BEGIN Entries shown

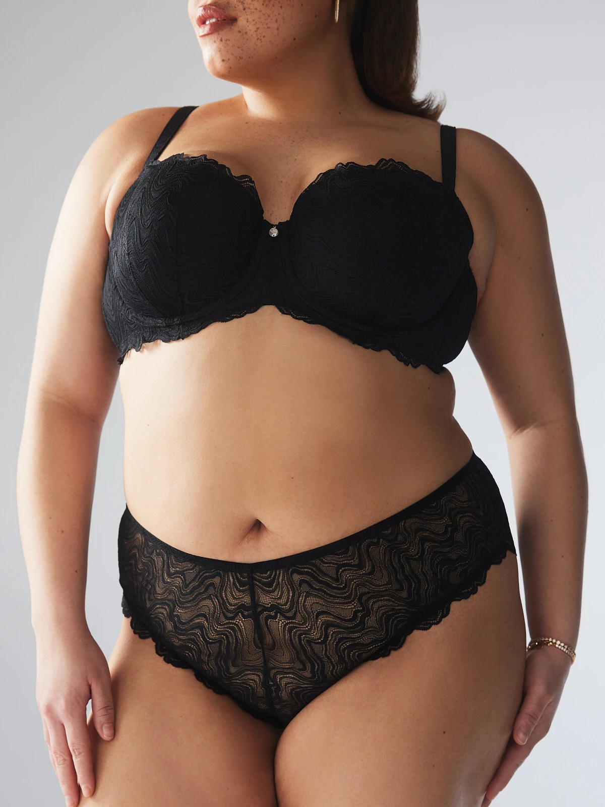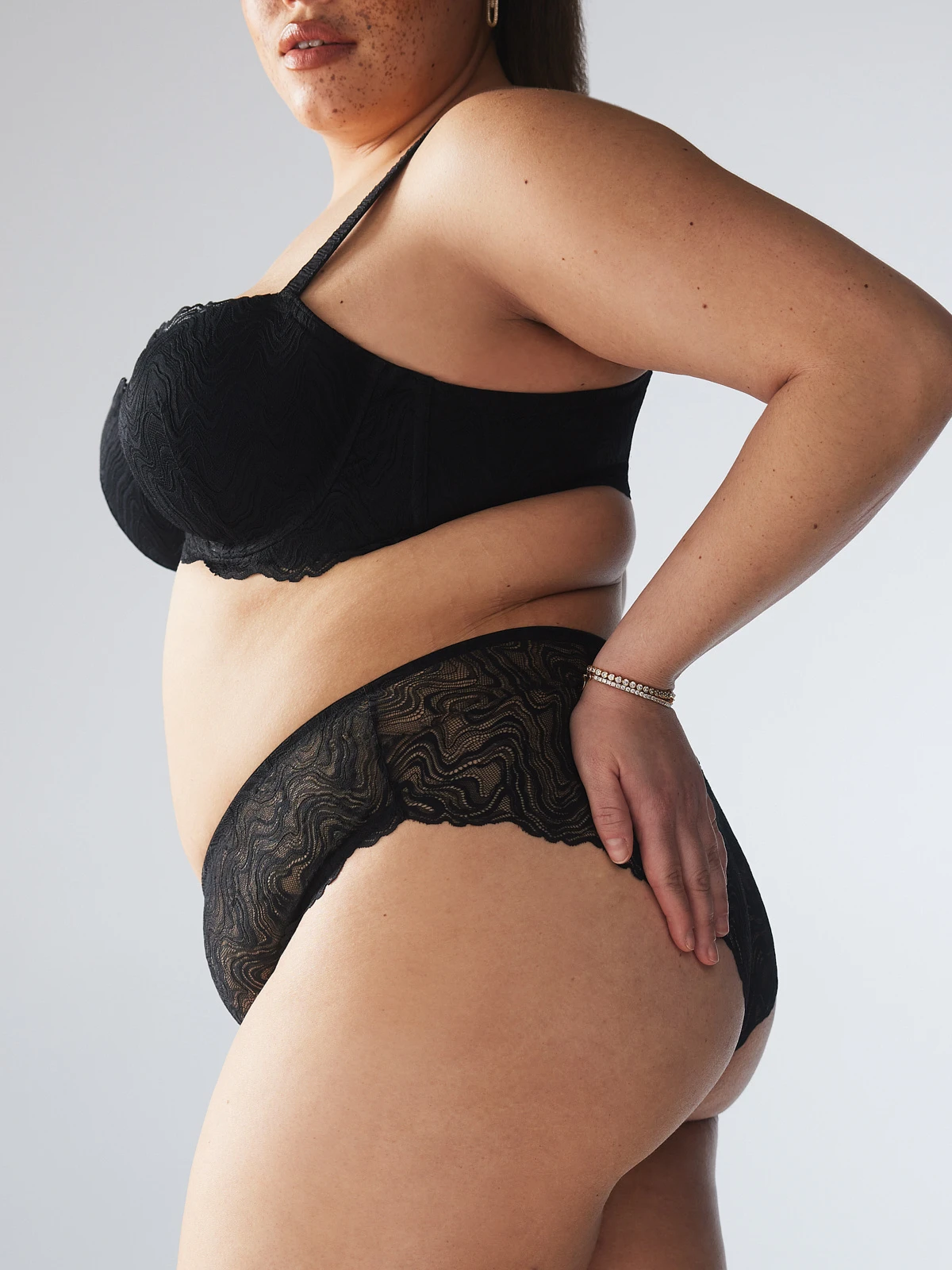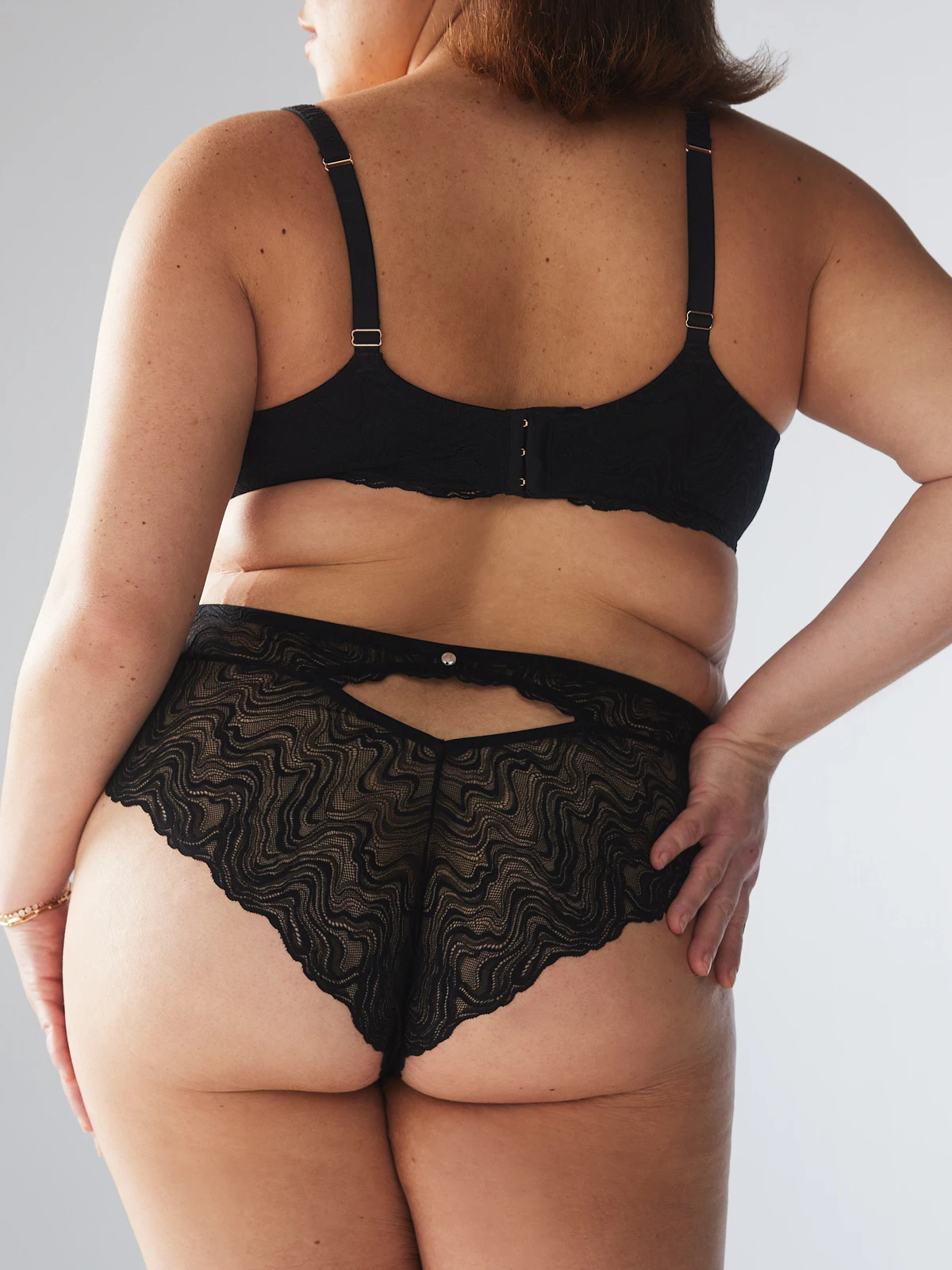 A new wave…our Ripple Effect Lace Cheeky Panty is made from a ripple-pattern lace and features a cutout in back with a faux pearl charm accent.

END Entries shown
BEGIN Entries shown

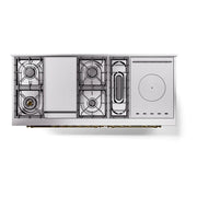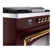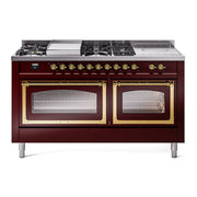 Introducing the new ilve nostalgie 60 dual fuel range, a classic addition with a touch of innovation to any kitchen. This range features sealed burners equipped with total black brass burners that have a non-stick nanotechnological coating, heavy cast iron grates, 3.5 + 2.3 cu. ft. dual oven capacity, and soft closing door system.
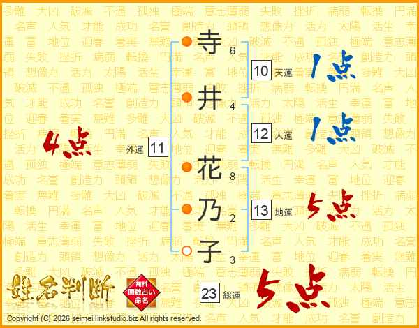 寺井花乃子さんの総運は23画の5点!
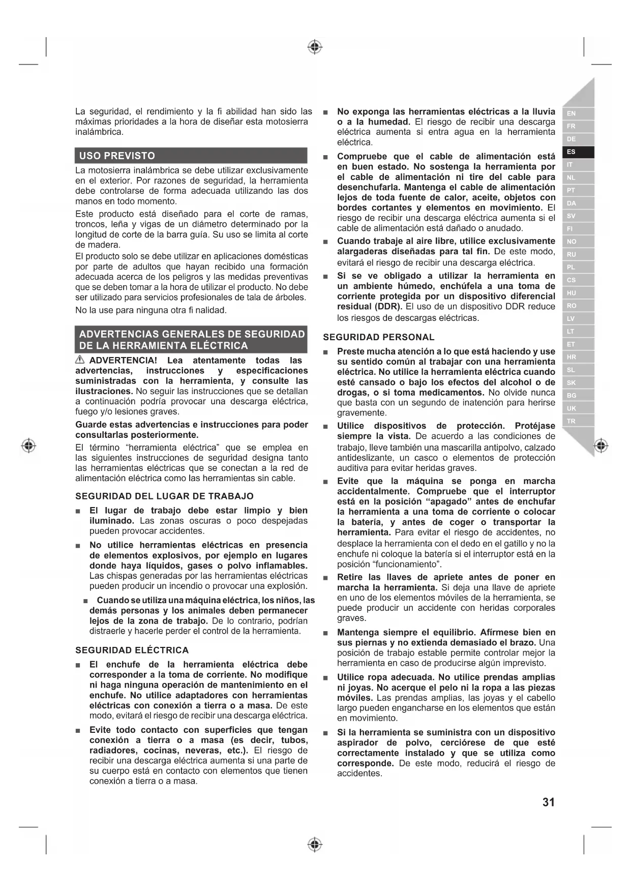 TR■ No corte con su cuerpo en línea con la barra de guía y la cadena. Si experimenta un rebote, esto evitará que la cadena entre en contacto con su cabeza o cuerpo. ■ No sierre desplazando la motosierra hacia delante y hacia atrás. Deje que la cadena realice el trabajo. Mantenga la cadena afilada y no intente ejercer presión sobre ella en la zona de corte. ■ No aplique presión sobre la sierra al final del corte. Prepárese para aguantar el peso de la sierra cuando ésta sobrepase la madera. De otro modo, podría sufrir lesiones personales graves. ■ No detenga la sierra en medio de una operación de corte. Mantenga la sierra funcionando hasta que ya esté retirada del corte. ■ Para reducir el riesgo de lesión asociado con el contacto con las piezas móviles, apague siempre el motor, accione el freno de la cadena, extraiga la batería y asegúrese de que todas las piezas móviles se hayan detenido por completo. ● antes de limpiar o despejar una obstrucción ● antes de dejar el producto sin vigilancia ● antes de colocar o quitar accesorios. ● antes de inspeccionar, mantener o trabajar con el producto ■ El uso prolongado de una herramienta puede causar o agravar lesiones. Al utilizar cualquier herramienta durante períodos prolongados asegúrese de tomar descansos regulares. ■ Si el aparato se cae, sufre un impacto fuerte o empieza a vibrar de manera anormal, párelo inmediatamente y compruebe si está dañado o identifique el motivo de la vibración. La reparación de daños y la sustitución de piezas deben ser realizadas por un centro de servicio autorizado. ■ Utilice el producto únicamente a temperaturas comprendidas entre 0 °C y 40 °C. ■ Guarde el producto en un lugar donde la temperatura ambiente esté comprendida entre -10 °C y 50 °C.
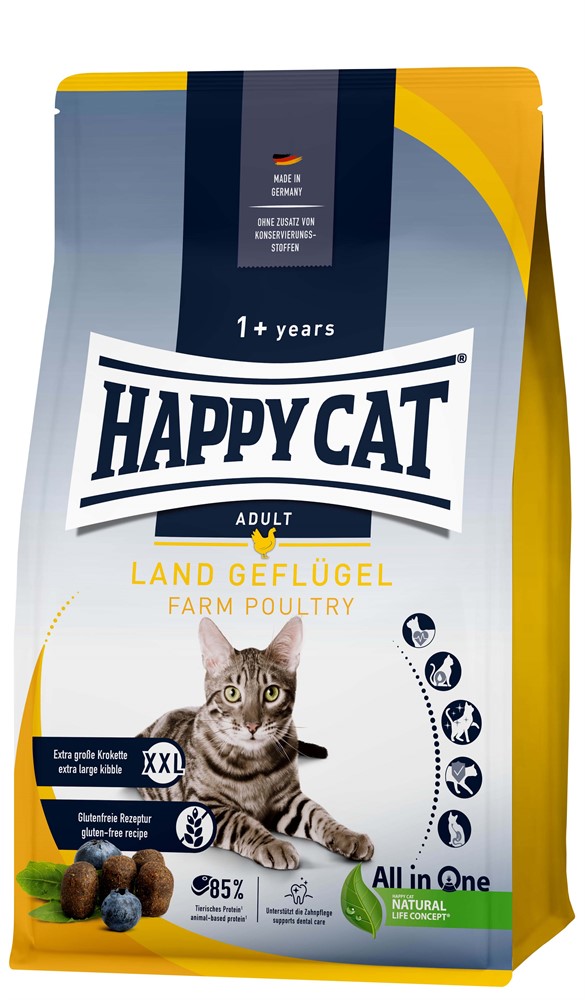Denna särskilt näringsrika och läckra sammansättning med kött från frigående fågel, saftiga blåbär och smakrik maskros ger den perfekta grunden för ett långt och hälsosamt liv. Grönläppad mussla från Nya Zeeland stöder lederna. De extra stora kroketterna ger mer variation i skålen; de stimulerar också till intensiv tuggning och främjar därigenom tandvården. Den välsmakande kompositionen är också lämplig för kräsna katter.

END Entries shown

Nothing but the lines from the one with "Introducing the new" to the one with "寺井花乃子さんの総運は23画の5点!" above, both included, should be transcribed, exactly and without pictures.

 Introducing the new ilve nostalgie 60 dual fuel range, a classic addition with a touch of innovation to any kitchen. This range features sealed burners equipped with total black brass burners that have a non-stick nanotechnological coating, heavy cast iron grates, 3.5 + 2.3 cu. ft. dual oven capacity, and soft closing door system.
 寺井花乃子さんの総運は23画の5点!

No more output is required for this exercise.